Task description: Please write out only the lines from the line with "Držite z miško" to the line with "5年生は、プレゼントのおもちゃの使い方を、優しく教えてあげました。", inclusive, exactly as they stand below, without the pictures.
[[ Data to examine, beginning ]]
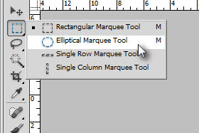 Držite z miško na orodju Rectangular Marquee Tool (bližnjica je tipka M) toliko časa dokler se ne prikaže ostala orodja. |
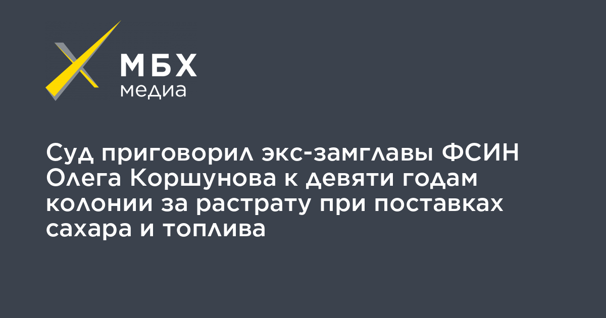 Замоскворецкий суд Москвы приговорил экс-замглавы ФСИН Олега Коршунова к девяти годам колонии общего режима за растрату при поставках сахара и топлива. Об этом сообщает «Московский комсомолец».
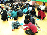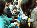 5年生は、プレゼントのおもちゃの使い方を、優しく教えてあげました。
[[ Data to examine, end ]]
[[ Data to examine, beginning ]]
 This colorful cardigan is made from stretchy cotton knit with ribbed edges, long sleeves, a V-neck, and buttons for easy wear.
[[ Data to examine, end ]]
Result of this exercise:
 Držite z miško na orodju Rectangular Marquee Tool (bližnjica je tipka M) toliko časa dokler se ne prikaže ostala orodja. |
 Замоскворецкий суд Москвы приговорил экс-замглавы ФСИН Олега Коршунова к девяти годам колонии общего режима за растрату при поставках сахара и топлива. Об этом сообщает «Московский комсомолец».
 5年生は、プレゼントのおもちゃの使い方を、優しく教えてあげました。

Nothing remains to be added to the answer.